Providing None for the namespace parameter or calling the get_graph() methods that don’t have a Namespace parameter will look for a graph with the given name in both the private and public namespace. If a graph with the given name is found in both namespaces, the graph found in the private namespace is returned.

If you invoke these methods multiple times with the same graph name, you will get multiple different PgxGraph objects, all pointing to the same graph; therefore, if you make any modification to the graph through any of those objects (e.g. you add a property), you will see it on all the objects pointing to the same graph:

 graph1 = session.get_graph("pgql_lang_test_graph_with_labels")
 # graph2 points to the same graph as graph1
 graph2 = session.get_graph("pgql_lang_test_graph_with_labels")

 graph1.create_vertex_property("boolean", "Bool_property")
 # returns the property just created
 graph2.get_vertex_property("Bool_property")

Graph Storing

The session can serialize a loaded graph instance to a file via the following method in the PgxGraph class:

graph_config = graph.store(
    format="pgb",
    path="/tmp/myGraph.pgb",
    num_partitions=None,
    vertex_properties=True,
    edge_properties=True,
    overwrite=True
)

The first two arguments format and path specify the format and the location on the local file system where the graph should be written to. The overwrite argument determines whether or not an existing file should be overwritten. It defaults to False if omitted.

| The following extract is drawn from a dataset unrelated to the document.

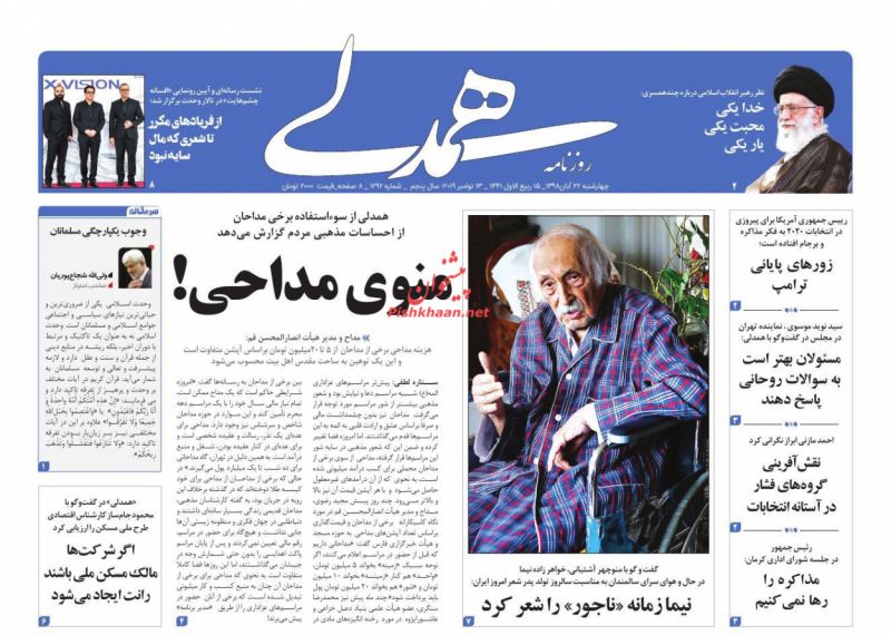 تصاویر صفحه نخست روزنامههای امروز پنجشنبه ۲۳ آبان ۱۳۹۸

The session can select which vertex or edge properties should be stored with the graph. The optional arguments vertexProps and edgeProps can be used to specify a list of vertex and edge properties. If these arguments are omitted, all the properties are stored by default.

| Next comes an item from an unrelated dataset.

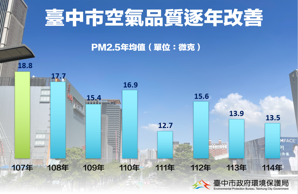 在各項政策與科技治理並進下,台中市PM2.5從107年的18.8微克,改善到114年(統計至11月)的13.5微克,改善幅度接近3成。展現治理方向與具體成果,市府也將持續朝國家空氣品質標準12微克目標邁進,為市民打造更健康宜居的城市。
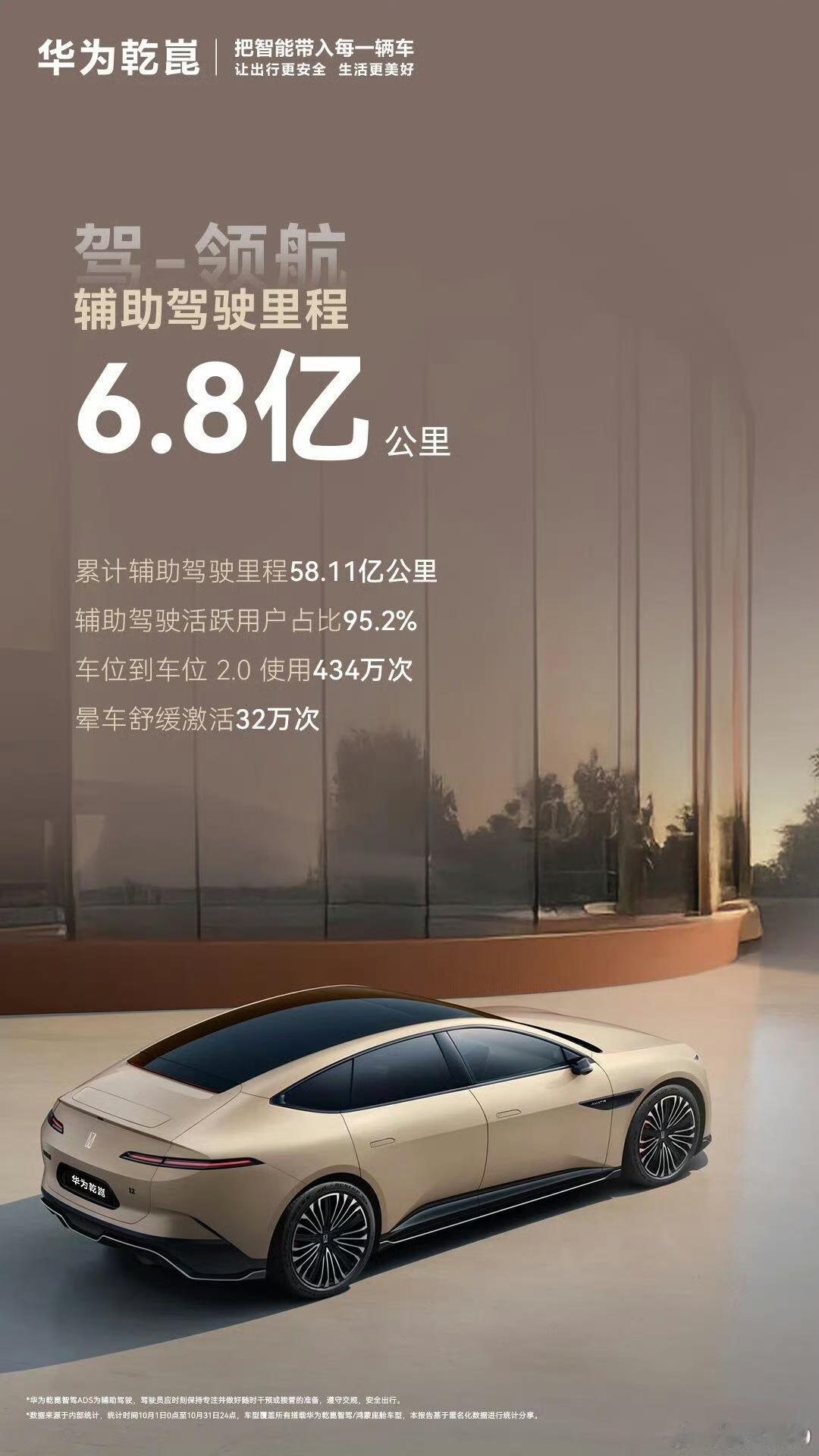 孙少军:华为发布10月出行报告,这次把长图换成了6张图,直观很多了! 这个数据真的是非常的庞大,随着车辆的交付量越来越多,这个数据累积的速度也会越来越快。 而且这个是包含所有搭载华为乾坤智驾的车型的,估计到明年,现在这时候就不是一个量级了。 各位是怎么看的?欢迎评论区留言。

Finally, the above methods return a GraphConfig object, which contains the meta-data of the stored graph instance. That object can be used to read the serialized graph into memory at a later point. Note that all GraphConfig objects can be serialized easily as well, as shown in the following example:

graph_config = graph.store("pgb", "/tmp/Graph.pgb", overwrite=True)
# returns a JSON representation of the config object
json = str(graph_config)
with open("/tmp/myGraph.pgb.json", "w") as f:
    f.write(json)
graph_config_2 = GraphConfigFactory.for_any_format().from_file_path(
    "/tmp/myGraph.pgb.json"
)

Graph Deletion

In order to reduce the memory usage of PGX, the session should drop the unused PgxGraph graph objects that it created via PgxSession.get_graph() by invoking their destroy() method. This step not only destroys the specified graph, but all of its associated properties, including transient properties as well. In addition, all of the collections related to the graph instance (e.g. a VertexSet) are also destroyed automatically. If a session holds multiple PgxGraph objects referencing the same graph, invoking destroy() on any of them will invalidate all the PgxGraph objects referencing that graph, making any operation on those objects fail:

graph1 = session.get_graph("sample_vertices.csv")

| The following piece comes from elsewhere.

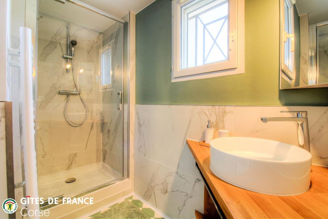 „La location est loin d'être stratégique, et surtout loin de tout. Pour y accéder, la route est très sinueuse, ce qui est étourdissant. Il faut compter 1h30aller-retour pour une boulangerie, pharmacie, etc. … Pizzeria SOTTU E STELLE A Bisina, est à plus de 3 Km et non pas à 800 mètres comme indiqué. La moindre excursion pour explorer prendrait 3 à 6h A/R. Pas de Wifi ni de réception pour les portables. Pas de vue de l'intérieur, sauf d'une petite fenêtre, debout dans la salle de bain. Pas d'intimité, parce qu'ils débarquaient chez nous sans prévenir. Le tableau électrique se trouve dans la chambre à hauteur de la tête du lit, inaudible dans la journée, mais la nuit c'est comme une horloge qui fait tic tic tic tic tic tic sans cesse, il était difficile de s’endormir. Nous avons dû écourter notre séjour au bout de 9 nuits. L’accueil était médiocre et le jour de notre départ, Bernard est resté les bras croisés devant sa télé, ni au revoir ni merci.“

# graph2 references the same graph of graph1
graph2 = session.get_graph("sample_vertices.csv")

graph1.destroy()
# both calls throw an exception, as both references are not valid anymore
# Executing graph1.get_vertex_properties throws an exception
# Executing graph2.get_vertex_properties throws an exception
self.assertRaises(Exception, graph1.get_vertex_properties)
self.assertRaises(Exception, graph2.get_vertex_properties)